[Exercise brief]
Your reply should contain the whole listing below, repeated exactly, and no images.

··· Data below ···

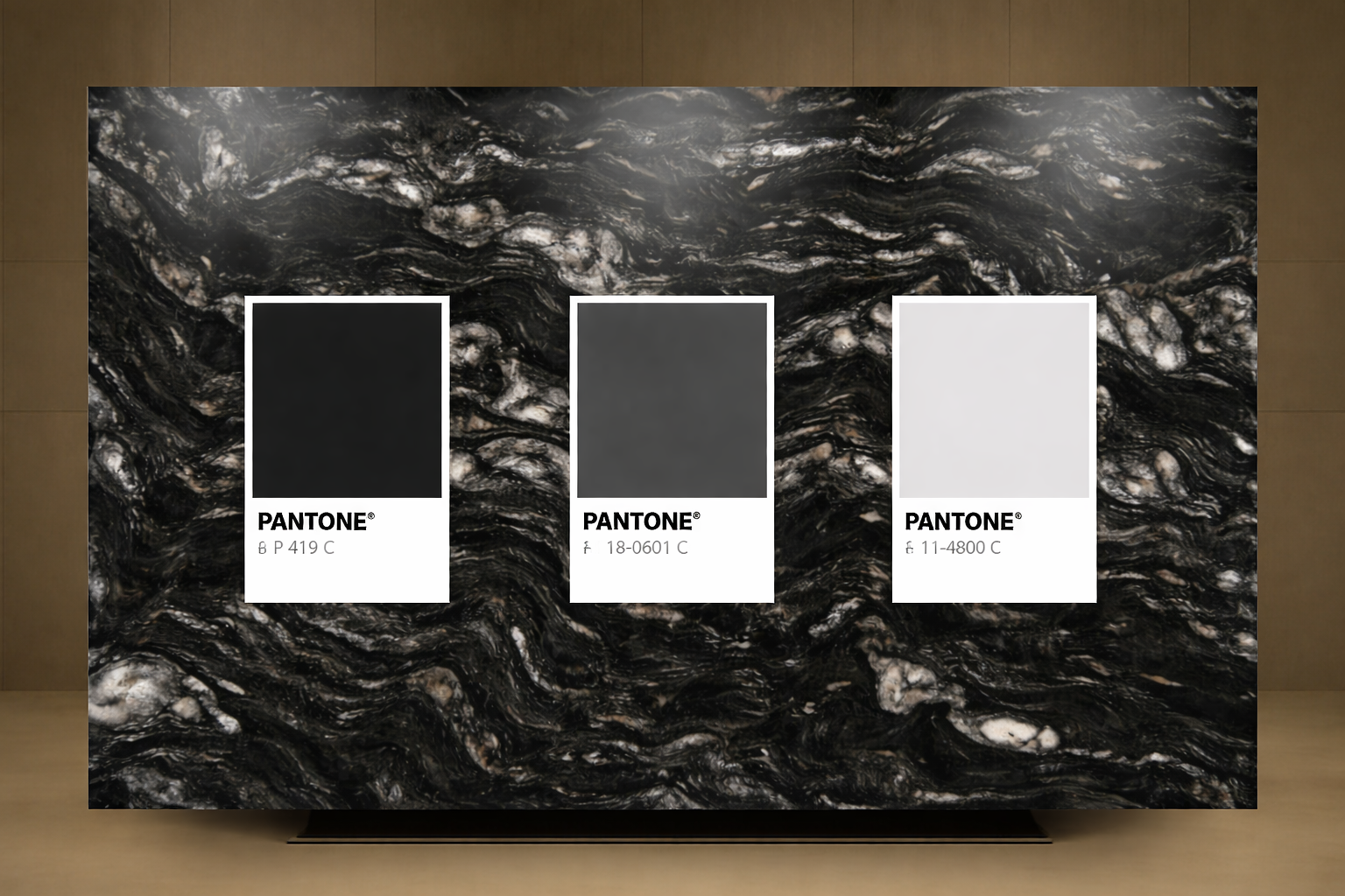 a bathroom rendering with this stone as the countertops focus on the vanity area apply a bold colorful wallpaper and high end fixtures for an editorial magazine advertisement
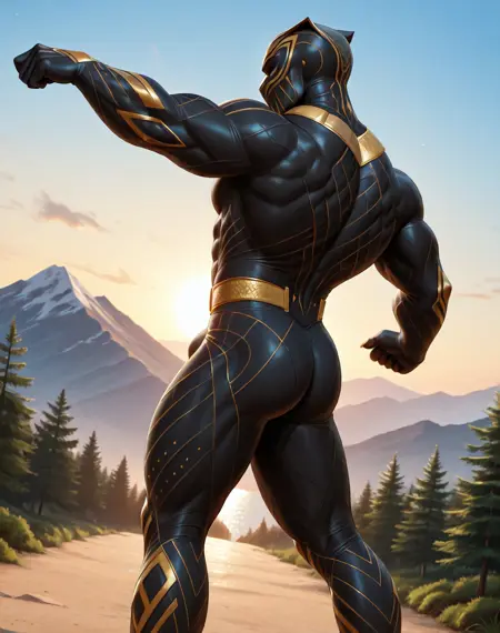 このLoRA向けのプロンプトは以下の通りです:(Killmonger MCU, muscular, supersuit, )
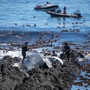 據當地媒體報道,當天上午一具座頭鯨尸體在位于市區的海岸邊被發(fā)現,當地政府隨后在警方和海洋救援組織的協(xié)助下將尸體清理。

···

[Written response]
 a bathroom rendering with this stone as the countertops focus on the vanity area apply a bold colorful wallpaper and high end fixtures for an editorial magazine advertisement
 このLoRA向けのプロンプトは以下の通りです:(Killmonger MCU, muscular, supersuit, )
 據當地媒體報道,當天上午一具座頭鯨尸體在位于市區的海岸邊被發(fā)現,當地政府隨后在警方和海洋救援組織的協(xié)助下將尸體清理。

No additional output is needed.